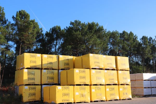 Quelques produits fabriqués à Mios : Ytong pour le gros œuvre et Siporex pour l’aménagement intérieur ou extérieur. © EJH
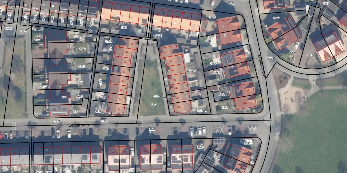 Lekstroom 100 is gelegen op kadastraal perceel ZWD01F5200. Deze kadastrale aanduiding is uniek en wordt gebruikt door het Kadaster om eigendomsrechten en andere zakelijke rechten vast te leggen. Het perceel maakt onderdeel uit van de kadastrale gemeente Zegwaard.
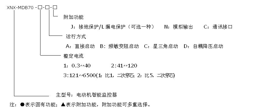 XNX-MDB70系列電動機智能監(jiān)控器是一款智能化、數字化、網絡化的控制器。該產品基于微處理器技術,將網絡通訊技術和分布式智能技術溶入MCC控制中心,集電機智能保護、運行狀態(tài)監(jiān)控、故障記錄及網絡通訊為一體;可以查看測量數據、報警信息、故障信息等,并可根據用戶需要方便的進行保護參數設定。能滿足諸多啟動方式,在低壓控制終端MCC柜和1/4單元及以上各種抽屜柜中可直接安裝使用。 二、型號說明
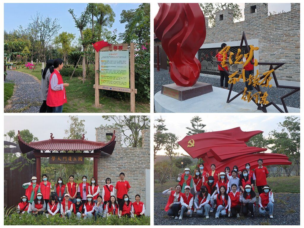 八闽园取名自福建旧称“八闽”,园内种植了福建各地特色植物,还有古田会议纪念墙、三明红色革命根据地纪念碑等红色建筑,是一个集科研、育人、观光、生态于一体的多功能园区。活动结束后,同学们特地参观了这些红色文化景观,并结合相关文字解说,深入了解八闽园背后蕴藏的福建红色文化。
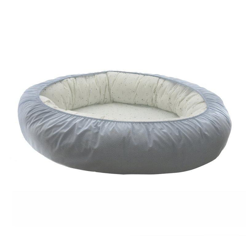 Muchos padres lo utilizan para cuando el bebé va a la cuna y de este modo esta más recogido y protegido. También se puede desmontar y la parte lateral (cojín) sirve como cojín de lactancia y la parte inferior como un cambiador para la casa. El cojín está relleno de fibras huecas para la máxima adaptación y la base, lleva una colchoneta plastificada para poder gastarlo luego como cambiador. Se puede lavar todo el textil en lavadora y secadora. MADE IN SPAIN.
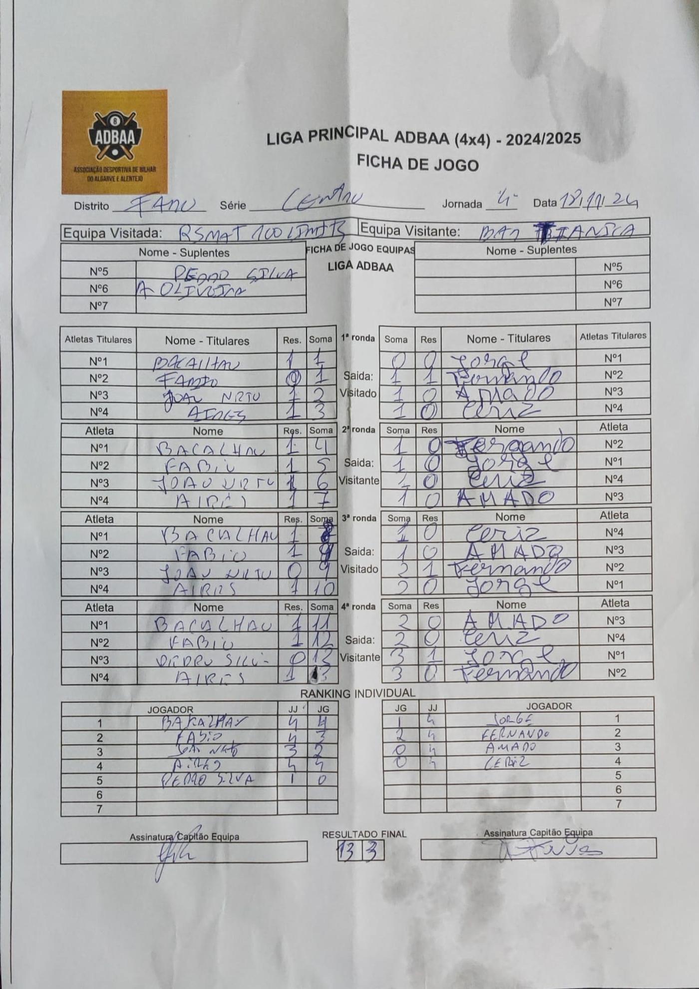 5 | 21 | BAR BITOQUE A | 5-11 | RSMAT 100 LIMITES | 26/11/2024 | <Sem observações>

#### [WHAT NEEDS TO BE DONE]
Now write out the data word for word, skipping every picture in it.

#### [RESULT]
 Quelques produits fabriqués à Mios : Ytong pour le gros œuvre et Siporex pour l’aménagement intérieur ou extérieur. © EJH
 Lekstroom 100 is gelegen op kadastraal perceel ZWD01F5200. Deze kadastrale aanduiding is uniek en wordt gebruikt door het Kadaster om eigendomsrechten en andere zakelijke rechten vast te leggen. Het perceel maakt onderdeel uit van de kadastrale gemeente Zegwaard.
 XNX-MDB70系列電動機智能監(jiān)控器是一款智能化、數字化、網絡化的控制器。該產品基于微處理器技術,將網絡通訊技術和分布式智能技術溶入MCC控制中心,集電機智能保護、運行狀態(tài)監(jiān)控、故障記錄及網絡通訊為一體;可以查看測量數據、報警信息、故障信息等,并可根據用戶需要方便的進行保護參數設定。能滿足諸多啟動方式,在低壓控制終端MCC柜和1/4單元及以上各種抽屜柜中可直接安裝使用。 二、型號說明
 八闽园取名自福建旧称“八闽”,园内种植了福建各地特色植物,还有古田会议纪念墙、三明红色革命根据地纪念碑等红色建筑,是一个集科研、育人、观光、生态于一体的多功能园区。活动结束后,同学们特地参观了这些红色文化景观,并结合相关文字解说,深入了解八闽园背后蕴藏的福建红色文化。
 Muchos padres lo utilizan para cuando el bebé va a la cuna y de este modo esta más recogido y protegido. También se puede desmontar y la parte lateral (cojín) sirve como cojín de lactancia y la parte inferior como un cambiador para la casa. El cojín está relleno de fibras huecas para la máxima adaptación y la base, lleva una colchoneta plastificada para poder gastarlo luego como cambiador. Se puede lavar todo el textil en lavadora y secadora. MADE IN SPAIN.
 5 | 21 | BAR BITOQUE A | 5-11 | RSMAT 100 LIMITES | 26/11/2024 | <Sem observações>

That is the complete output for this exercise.